Basically Available – Data is distributed across various systems, hence the data is always

available in one of the system, even if one of the systems fail.

Soft State – Since the data is distributed, there is no assurance of consistency.

Eventually Consistent – The data would be consistent eventually, even if it’s not at a given

point in time [5][6][10].

3. Features of NoSQL

Flexible Data Models – NoSQL allows horizontal data partitioning across different

distributed systems or processors. However, relational model has a fixed schema in

contrast to NoSQL. Applications based on NoSQL have data models explicitly designed

and augmented for them.

Partial Record Updates – Data models that use NoSQL emphasize on column based

processing that enable data aggregation on more than one attributes and entities.

Optimized MapReduce Processing – MapReduce, a native functionality for data

movement and mapping is a part of NoSQL.

Horizontal Scalability – It allows on-the-fly addition of the processors with their own

resources. Each node is fed with a subset of data to process, thus increasing the efficiency

of the application. Horizontal scalability is more achievable in NoSQL data model as

compared to RDBMS [1].

4. Types of NoSQL Databases

Key Value -> Key value data stores references the data using a unique key. The unique

key acts as a link to the data that is randomly and independently stored on the disk.

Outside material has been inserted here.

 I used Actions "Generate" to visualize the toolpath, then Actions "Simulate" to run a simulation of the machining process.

Addition of new data values can be done without inflicting with existing data .Thus the

key value stores are entirely schema less, the only structure that could possibly derived

from the key stores is the combination of key value pairs. In this paper we discuss our

findings on DynamoDB by Amazon.

Document -> Document data stores references a collection of uniquely identified key-

value pairs known as Documents. Each document is recognized by its own unique ID in

the document collection. Document stores enables new documents to be stored with

different kind of attributes. In this paper we discuss our findings on MongoDB

Column -> These are column centric data stores, where the indexing is done on every

column. It provides efficient and high speed read-write operations. Any modification or

addition of new data is stored using a timestamped version. We have introduced

Cassandra as an example for Column data store [1][10][12].

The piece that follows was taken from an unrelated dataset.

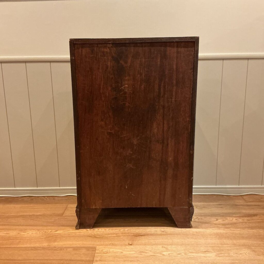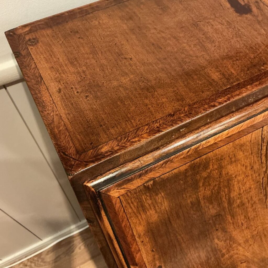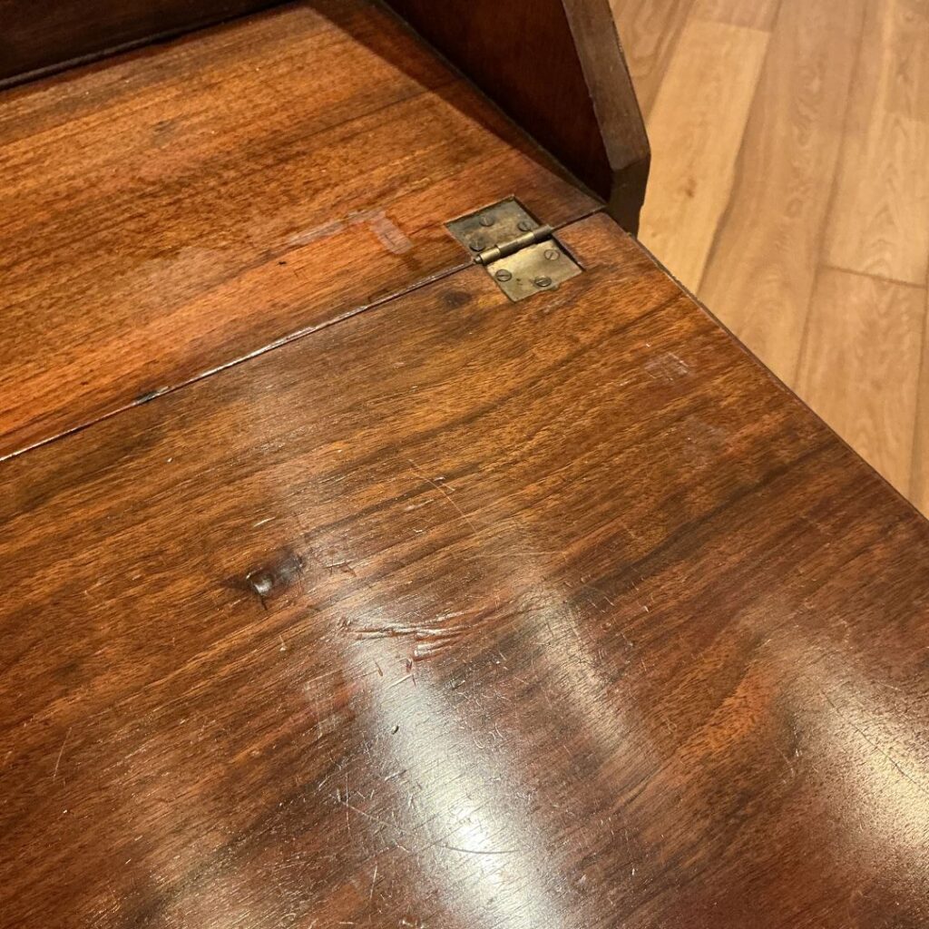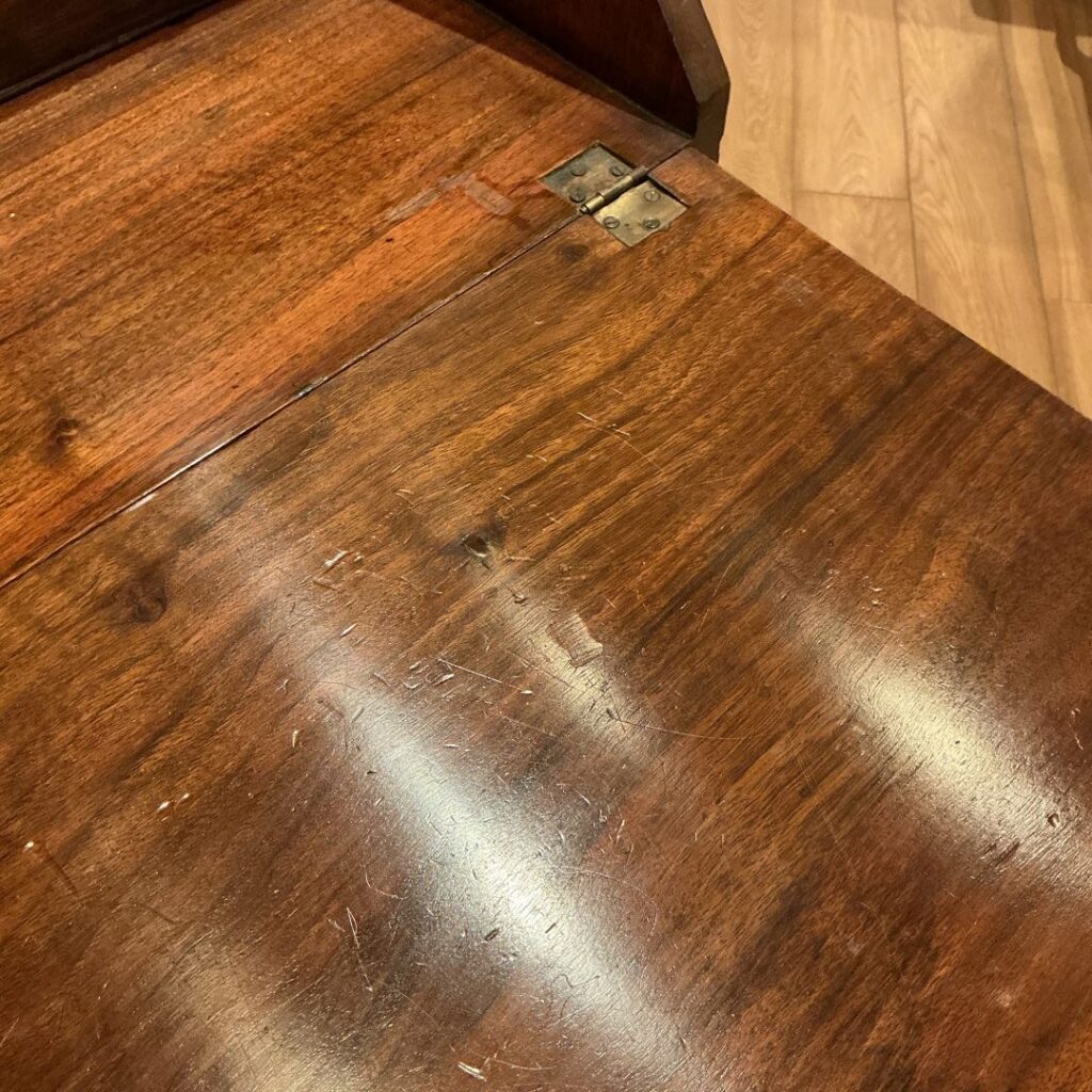 コンパクトなサイズですが、ジョージアンスタイルのパネルデザインで、天板を閉じた時のフラップ、引き出しの前面のウォルナット特有の杢目が素敵です。

5. Comparative study between DynamoDB, Cassandra and MongoDB

5. A. DynamoDB

Dynamo was designed to provide a storage system within Amazon's platform that would be

stubborn during unforeseen circumstances.

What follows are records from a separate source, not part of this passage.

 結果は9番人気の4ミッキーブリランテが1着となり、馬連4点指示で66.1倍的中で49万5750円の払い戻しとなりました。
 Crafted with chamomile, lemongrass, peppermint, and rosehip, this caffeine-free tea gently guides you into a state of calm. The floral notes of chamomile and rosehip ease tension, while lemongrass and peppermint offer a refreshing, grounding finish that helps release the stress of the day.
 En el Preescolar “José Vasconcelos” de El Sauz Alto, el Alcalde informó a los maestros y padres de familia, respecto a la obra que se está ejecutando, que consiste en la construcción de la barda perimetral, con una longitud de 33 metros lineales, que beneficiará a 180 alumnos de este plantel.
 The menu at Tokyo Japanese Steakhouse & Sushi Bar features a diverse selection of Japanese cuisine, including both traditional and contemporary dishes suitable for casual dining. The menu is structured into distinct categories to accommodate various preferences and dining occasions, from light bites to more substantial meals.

5. A.1 Key Features of Dynamo:

Key-Value Data Model - Data are represented as objects, and objects are determined

based on unique keys. The operations supported on the data are get/put associated with

the specified unique key.

Eventual Consistency - The primary objective of Dynamo is to be stubborn against

unforeseen circumstances. However, it is a challenge to obtain such a consistency at the

initial phase. Hence, consistency increases eventually while all the replicas are updated in

a timely manner.

Symmetry and Decentralization - Every node had as much responsibility as the peers in

Dynamo. Every node is equally responsible for its peers in Dynamo. Thus the probability

of failure is very low and the amount of manual intervention required would be very less

[24][26][27][28][29].

5. A.2 Operations:

Dynamo performs the following operations:

Get - To return the object associated with the key.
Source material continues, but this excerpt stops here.